WiFi is slow and unreliable in comparison to the Ethernet whose cords we’ve been quick to cut. A common estimate is that fifty percent of airtime on a WiFi network is spent detecting and correcting errors (“Measuring the Reliability of 802.11 WiFi Networks,” https://wiki.packets2photons.com/images/2/20/Reliability_of_WiFi.pdf). There’s no longer just a computer on every desktop. Now there are two or three. Instead of a single television in a household or even entertainment centers in multiple rooms, multiple devices stream simultaneously. Devices are designed for WiFi connectivity alone while manufacturers nix IEEE 802.3 NICs (the network interface cards that support cabled Ethernet connections). More than two decades since the introduction of the 802.11 standard, our fascination with mobility and portability has been transformed into an obsession with WiFi power.

A fast router is no longer enough. The desire to defeat the dread dead spot has spawned a market niche for WiFi “boosters” that attempt to compensate for the faults of the standard by strengthening and lengthening the signal. Consumer devices on the market commonly repeat the WiFi signal or extend the range of the WiFi network with satellite devices that plug into household current and sync with the router. Multidimensional feature reviews lure readers with titles like “The Best WiFi and Signal Booster” (https://www.nytimes.com/wirecutter/reviews/best-wi-fi-extender/) and “The best way to blanket your entire home with WiFi” (https://www.cnet.com/reviews/google-wifi-review/2/). But WiFi signal is not contained in cable, and radio waves are not easily controlled. You can’t “blanket” every inch of a lot without giving your neighbor some coverage.

Popular Mechanics assures us, “You don’t need to live in a large house or sprawling apartment to run into dreaded dead zones that make staying connected to the Wi-Fi a problem. A single router can sometimes struggle to provide complete internet coverage depending on your space’s layout and construction, or if there’s interference from nearby networks or other household devices.” (“The 9 Best WiFi Extenders for Fast Home Internet,” https://www.popularmechanics.com/technology/gear/a28747578/wifi-extenders/). As WiFi users struggle for access on the crowded 2.4G WiFi band, the drive to WiFi power becomes an arms race.

WiFi extenders provide a range of features. There are extenders that support only the 2.4G band as well as those providing dual-band support. “Desktop” models offer higher speeds with Ethernet ports; plug-in extenders have smaller form factors with push-button sync to the router.
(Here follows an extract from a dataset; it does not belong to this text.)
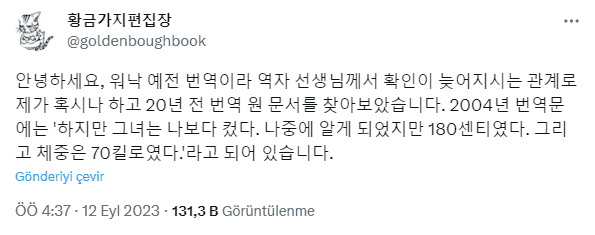 Merhaba, çok eski bir çeviri olduğu için çevirmenimizi kontrol etmemiz uzun sürdü. Bu yüzden emin olmak için yirmi yıl önceki orijinal çeviri metnini buldum. 2004 yılı çeviri metninde “Fakat o, benden uzundu. Sonradan öğrendiğime göre 180 santimdi. Ayrıca 70 kiloydu.” yazıyor.

Some extenders sport antennas for MU-MIMO and beamforming protocols like 802.11ac and 802.11n, as well as offering legacy support for 802.11a/b/g. The capabilities of the extender are generally limited by those of the router.

The trick to installing a WiFi extender is in finding the optimal location. This is the position from which the extender provides the best coverage to areas affected by path loss or pitted with dead spots. The typical strategy is to install the extender at the midpoint between the router and the area that requires a boost (“How to set up your WiFi extender for the best signal,” https://www.tomsguide.com/us/wifi-extender-setup-guide,review-4133.html). Careless installation and unnecessary redundancy can worsen signal strength.

The desire to signal boost is the source of online discussion about how many extenders a single router can power, whether you can daisy-chain them, and when it might be better to add a second router. But there doesn’t seem to be a lot of discussion about how boosting your signal affects neighboring networks. Some companies do advise caution, however. Eye Networks, for example, a Norwegian reseller of network solutions explains the difference between amplifying a signal and extending one, warning that WiFi signal amplification can sabotage neighboring networks (“Why Boosting Your WiFi Signal is a Bad Idea,” https://eyenetworks.no/en/no-wifi-boosting/). Australia’s Southern Phone Company suggests foregoing signal boosting with the use of a directional antenna for routers with insufficient reach: “Simply point the antenna in the direction of the weak spot and voilà, better Wi-Fi” (“Objects That Interfere with Your WiFi Signal: How to Identify Them and How to Fix Them,” https://www.southernphone.com.au/Blog/2018/Mar/objects-that-interfere-with-wifi). But what happens when the antenna is pointed at a neighbor?

Whoever owns the soil, it is theirs up to Heaven and down to Hell.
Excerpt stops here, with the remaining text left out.